Bouncing Back
Q4 2021 Market Report
Introduction
Throughout 2021, the GTHA industrial market continued to flourish, and we expect this trend to continue in 2022. Those in search of space will need to be active and diligent in their search, as space is being leased 2-3 years out for buildings under construction and those still in the planning stages. This means that new developments will come to market fully pre-leased, leading to limited opportunities for potential tenants and a scarcity of space available in the GTHA over the coming years.
Industrial & Land Market Outlook
Net absorption in the GTHA improved by a large margin from last quarter. During Q4 2021, net absorption finished strong reaching 2,340,936 square feet. In the GTA, net absorption reached 13.7 million square feet in 12-month absorption. This is the highest level of net absorption recorded in history with the last peak in 2017 of 7.9 million square feet.

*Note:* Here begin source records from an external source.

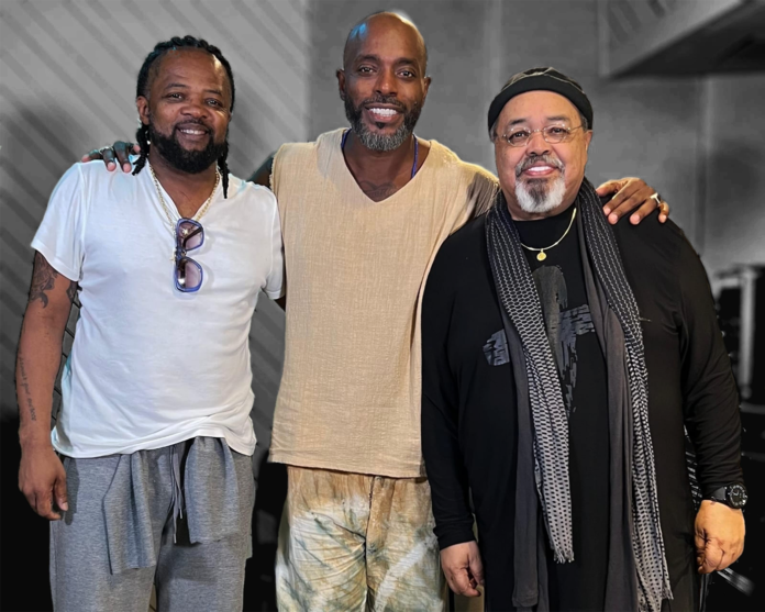 Artista lança o segundo disco em maio com músicas autorais como ‘Encontro de dois sóis’ e ‘Presente’, além de ‘Ogumtech’, single que junta os três cantores. Thiago Thomé (ao centro) entre Xande de Pilares (à esquerda) e Jorge Aragão na gravação da música ‘Ogumtech’
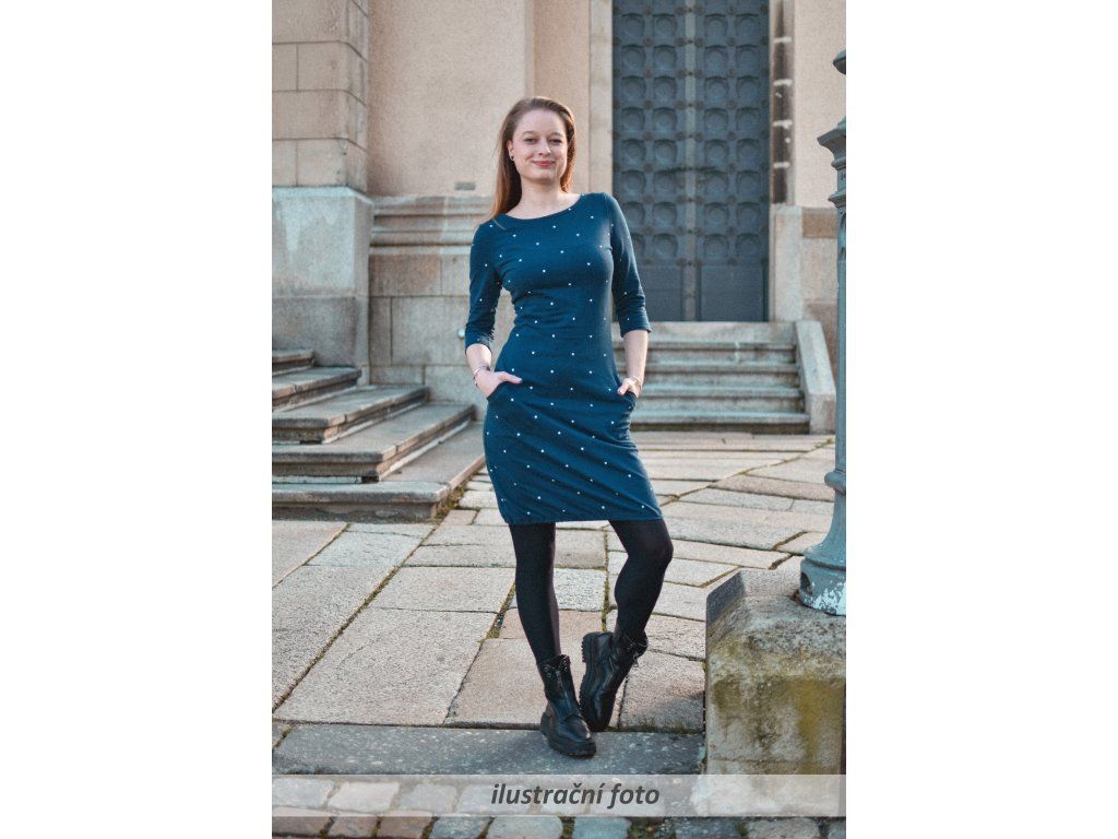 Dámské šaty vycházející z naší šatovky s přidanými 3/4 rukávy. Projmuté do pasu a volnějšími boky, dole stažené do gumičky (otvorem ji můžete vyndat nebo povolit/utáhnout). Kapsy v bocích nesmí chybět. :)
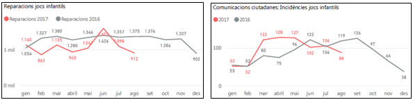 A les àrees de jocs infantils hi ha hagut un augment de les reparacions durant el mes de juny, quan s’ha arribat a les 1.601 actuacions. Al juliol, se n’ha fet 1.098, i a l’agost, 912. Aquest creixement ha fet que baixessin les comunicacions ciutadanes d’incidències en aquests espais.
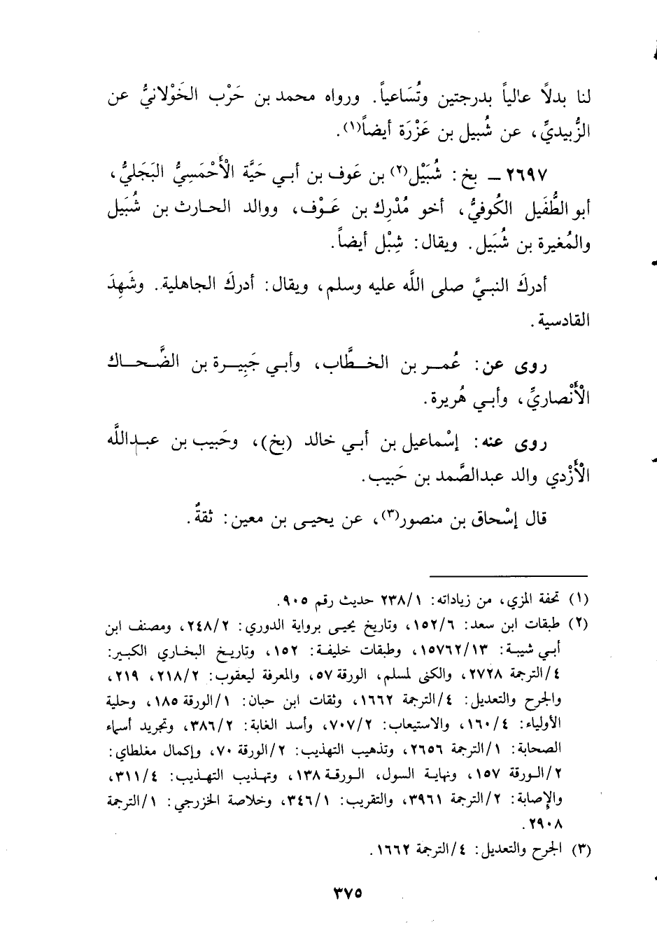 2697 - بخ: شبيل بن عوف بن أَبي حية الأحمسي البجلي (2) ، أَبُو الطفيل الكوفي، أخو مدرك بْن عوف، ووالد الحارث بْن شبيل والمغيرة بْن شبيل. ويُقال: شبل أيضا.
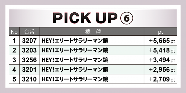 設置20台の『HEY!エリートサラリーマン鏡』も合計pt数で+1万オーバーを達成、ツートップが+5千超という成績を収めた。
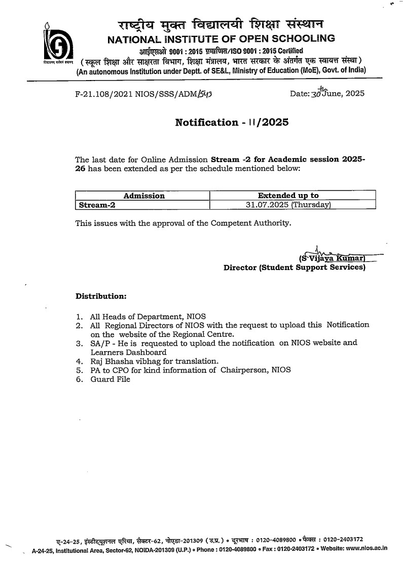 Last date for Stream-2 Online Admission is extended for Academic Session-2025-26

Availability leveled off this quarter, remaining at a record low of 0.7% across the GTHA. With demand still strong in the market, scarcity of options is expected to worsen over the next 12 to 24 months as pre-leasing level climbs across new developments. As availability goes down, tenant covenants will take on more importance to landlords, who are receiving multiple offers in all size ranges.
A lack of industrial space in the GTHA, highlighted by a 0.3% vacancy rate, continues to drive up asking net rental rates to further all-time highs. Actively marketed spaces are seeing multiple offers, highlighting the increasing importance of tenant covenants during the negotiation process. Landlords now prefer deal terms between 3 to 5 years compared to the traditional 10-year term because of how fast rents are increasing. Annual rent escalations are starting at the 5% range versus the 2% to 4% range seen previously.
Coinciding with the lack of industrial space, employment land in the GTHA has never been more scarce. As land prices increase, private investors holding land assets zoned for employment could be influenced to sell as prices continue to skyrocket. Year-over-year, the average price per has risen at a constant pace, unceasingly setting all-time highs.
Office Market Outlook
Q4 2021 commenced with strong momentum of economic and office leasing activity in the Greater Toronto Hamilton Area (GTHA). However, the emergence of the Omicron variant has forced companies to recalibrate their return-to-office expectations once again for 2022. Tenant sentiment ranges from conservative to optimistic, but our recent study found that only 26% of companies anticipate an overall decrease in their office footprint, down from 46% in summer 2020.
The majority of leasing activity this quarter came from FIRE (financial, insurance, real estate, legal) and TAMI (technology, advertising, media, information) industries. Going forward, strong employment growth in these sectors will help buoy demand for office space as employees return to the office. As such, the value of high-quality amenities and common space activation has taken the spotlight for employers. Many landlords are observing a flight to quality in their portfolios, with the highest levels of interest from tenants being in new construction, newly renovated space, and built-out turnkey and model suites.
As employees return to the workplace, there’s an even greater emphasis on the office as a destination for collaboration and innovation to strengthen and enrich company culture. 2022 is poised to test the viability of hybrid work models in the long run, as landlords and occupiers rebuild confidence in the office as a tool for enabling company growth and longevity.